**Data supplied**
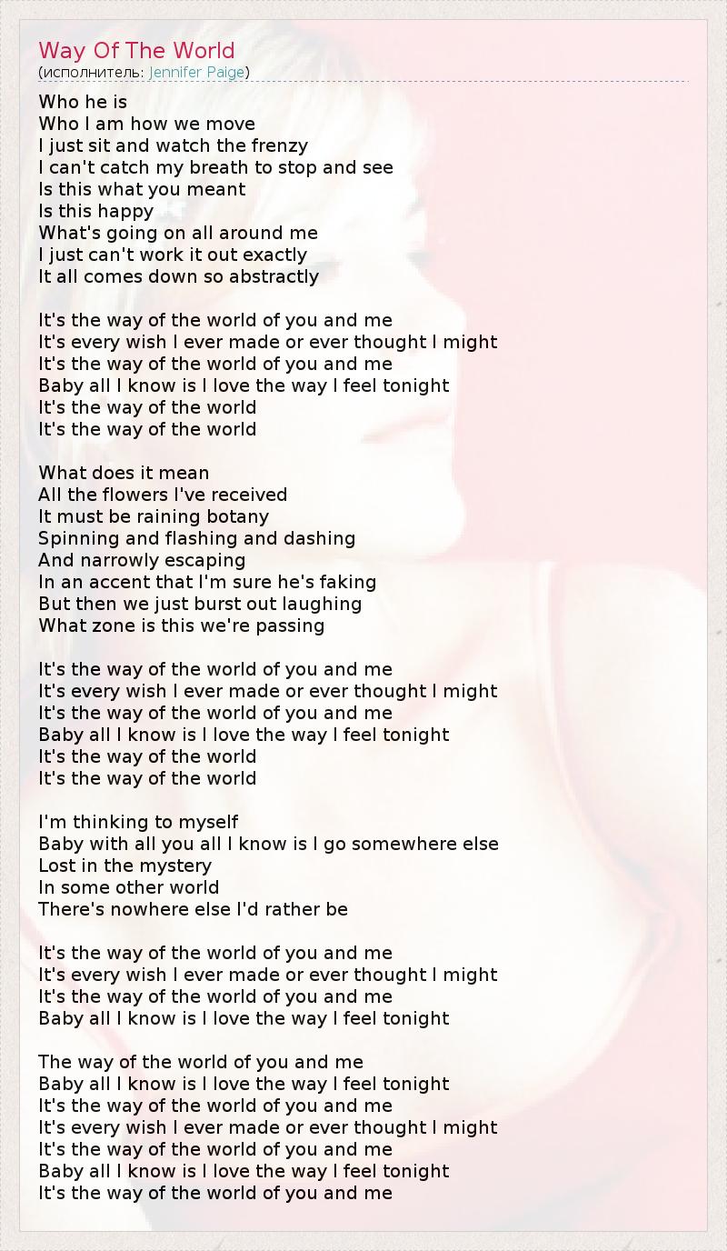А как ты думаешь, о чем песня "Way Of The World" ?
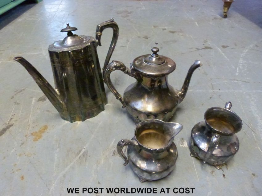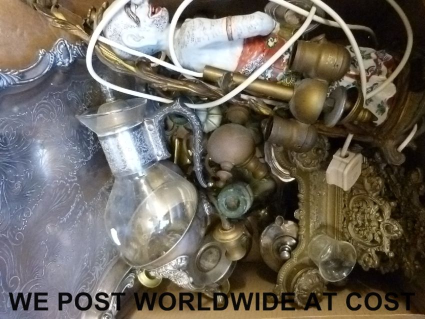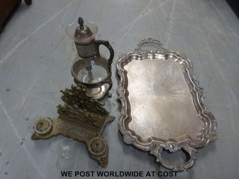 A collection of plated ware, brass candlesticks, desk tidy, wall lamps
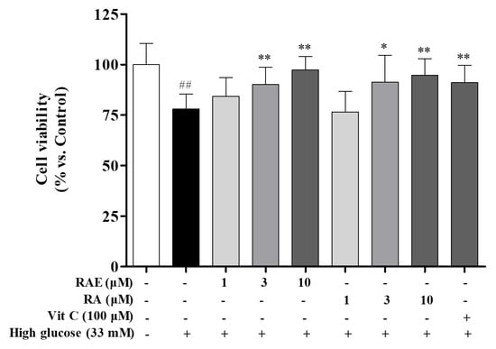 2.1. Effect of RAE on Cell Viability Induced by High Glucose
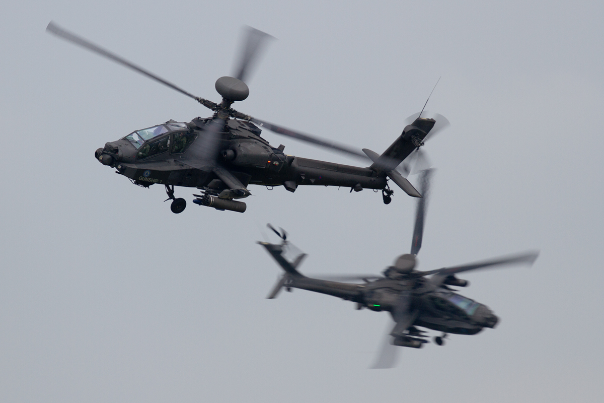 Helicopters were well represented in the Cosford flying display with each of the armed forces sending a rotary wing demonstration. Along with the SAR demo, the RAF provided the impressive Chinook solo display. Unfortunately, due to even more technical gremlins, the 18 Squadron anniversary aircraft was unserviceable at Northolt, where it had been present for an event the day before – and was replaced by a standard airframe flown in on the morning of the show. Nevertheless, the violent display brought with it lashings of blade slap and some genuinely incredible manoeuvres. The Royal Navy offered a comparatively tame Lynx HMA8 display, but its appearance was greatly appreciated as the Wildcat continues to replace the older Lynx airframes – the Army Air Corps Lynx AH7 is already formally withdrawn from service. However, the highlight of the helicopter displays was provided by the Army Air Corps in two WAH-64D Apaches AH1s. New for this year a second aircraft has been added giving an additional level of interest to an otherwise familiar role demonstration. The scenario was succinct and engaging and, perhaps most importantly, the use of pyrotechnics was liberal!
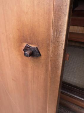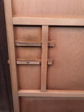 千葉県市川市の大正時代に建てられた古民家で使われていました。すべっとした触り心地の爽やかな雪隠戸です。内鍵がついています。
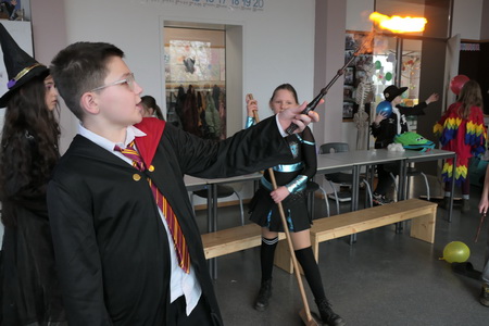 Am 13. Februar haben wir unser letztes gemeinsames Karnevalsfest gefeiert. Zuerst starteten wir wieder mit einer Modenschau, bei der sich jeder präsentierte und erklärte, warum er oder sie und nicht das eigentliche Maulwurfkind zur Schule erschienen war. Anschließend machten wir über unser leckeres Buffet her, bevor wir mit einer Runde Klamottentausch starteten. Nach der Pause gab es wieder reichlich vom Buffet. Dabei haben wir getanzt und danach noch Mord in der Disko gespielt. Zum Abschluss haben wir noch eine Polonaise mit den anderen Klassen unserer Etage gemacht und im Diff-Raum ausgelassen getanzt. Es war mal wieder ein tolles Erlebnis!

**Task prompt**
Could the lines from the top of the material through the line with "2.1. Effect of" be repeated exactly, pictures left out?

**Solution to the problem**
А как ты думаешь, о чем песня "Way Of The World" ?
 A collection of plated ware, brass candlesticks, desk tidy, wall lamps
 2.1. Effect of RAE on Cell Viability Induced by High Glucose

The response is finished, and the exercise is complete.